If I'm not mistaken, Edmonds-Karp runs in O(VE²); and if we don't use a BFS but a DFS instead, it runs in O(E*f) where f is the maximum flow (https://en.wikipedia.org/wiki/Maximum_flow_problem) (proofs: https://enos.itcollege.ee/~japoia/algorithms/GT/Introduction_to_algorithms-3rd%20Edition.pdf chapter 26).
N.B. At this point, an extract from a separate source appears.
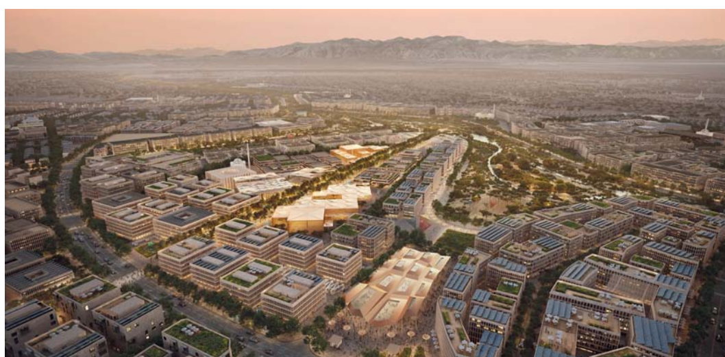
مشروعات التطوير العقاري فرصة واعدة للمستثمرين في ظل الحوافز والتسهيلات الحكومية المقدمة

وتبين الإحصاءات الصادرة عن المركز الوطني للإحصاء والمعلومات أن إجمالي قيمة التداول العقاري بسلطنة عُمان بلغ في الربع الأول من عام ٢٠٢٤م نحو ٥٨٧ مليوناً و٥٠٠ ألف ريال عُمان. وجاءت دولة الكويت الأعلى استثماراً في سلطنة عُمان من حيث الصفقات العقارية في العام الماضي ٢٠٢٣م، باستثمارات بلغت نحو ٢٦,٧ مليون ريال عُمان بعدد ٣١٩ تصرفاً عقارياً، ثم جمهورية الهند بنحو ١٢,٢ مليون ريال عُمان بعدد ٧٠ تصرفاً عقارياً، ثم دولة الإمارات العربية المتحدة بقيمة ٥,٣ مليون ريال عُمان بـ ٣١٩ تصرفاً عقارياً.

I was a bit surprised that Edmonds-Karp wouldn't pass (but I guess it makes sense looking at the constraints) on a cses problem ( https://cses.fi/problemset/task/1694 ). What really surprised me is that the O(E*f) solution passed (https://cses.fi/paste/aba73738dacf15c9ac0337/ even though the capacities can go up to 10^9 so the max flow can definitely go up to 10^9). I'm now trying to hack my own DFS solution, so I tried to hardcore brute force it by generating billions of inputs and seeing if my DFS would time out on one of them: https://pastebin.com/ijUZDn3G. But that ran so fast (within a minute..) without finding any bad cases...
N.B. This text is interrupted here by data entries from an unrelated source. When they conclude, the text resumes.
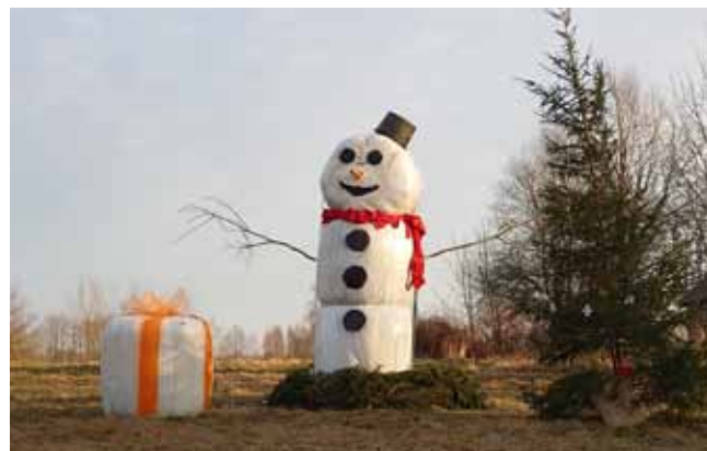
Ziemassvētku kompozīcija "Kalnājānos"
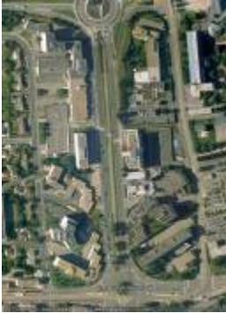
Le Péricentre des quartiers tertiaires des années 70/80
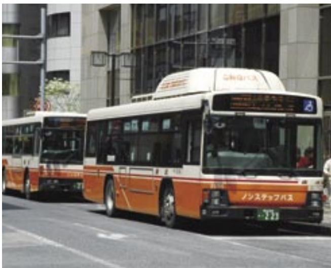
より充実したバス交通網を目指して

市の重点施策や市民の皆さんの関心が高い市の事業等について、パブリックコメントやアンケート方式により、幅広く皆さんからご意見をいただく新しい市政モニターを始めます。最初のテーマは、「バス交通網の整備計画案」。身近な交通機関であるバス交通について、市民を交えて今後の整備計画をまとめました。たくさんのご意見を募集します。
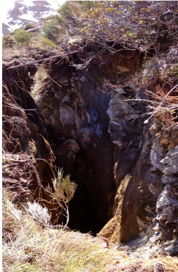
29 avril à 13h15 : + 25cm
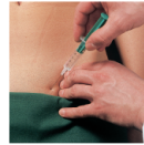
Frankenhäuser Plexus (Nackel nach medial und kaudal vorschieben)
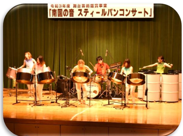
【舞台芸術鑑賞事業】
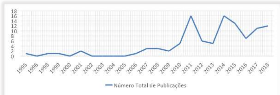
Figura 1: Gráfico da evolução das produções sobre a formação Estatística dos professores

O crescimento do número de publicações, desde então, pode ser observado na Figura 1, que mostra a linha de evolução das produções relacionadas ao tema em questão.

The worst-case example on wikipedia for that O(E*f) (https://en.wikipedia.org/wiki/Ford%E2%80%93Fulkerson_algorithm) doesn't work for a fixed adjacency list. It just shows that if a bad actor could choose what order DFS goes through the graph, then the algorithm could become crazily slow.

I heard there is this test case generator to hack those O(E*f) solutions but I'll be honest, I don't speak Japanese and I'm not advanced enough to figure out what's happening: https://web.archive.org/web/20211009144446/https://min-25.hatenablog.com/entry/2018/03/19/235802

TL;DR: this code passes https://cses.fi/paste/aba73738dacf15c9ac0337/ even though it's O(E*f) and the capacities can go up to 10^9; please hack me.

(EDIT: my comment in the code saying "DFS to find shortest s-t path" is wrong, it's a remnant comment from when I was coding BFS)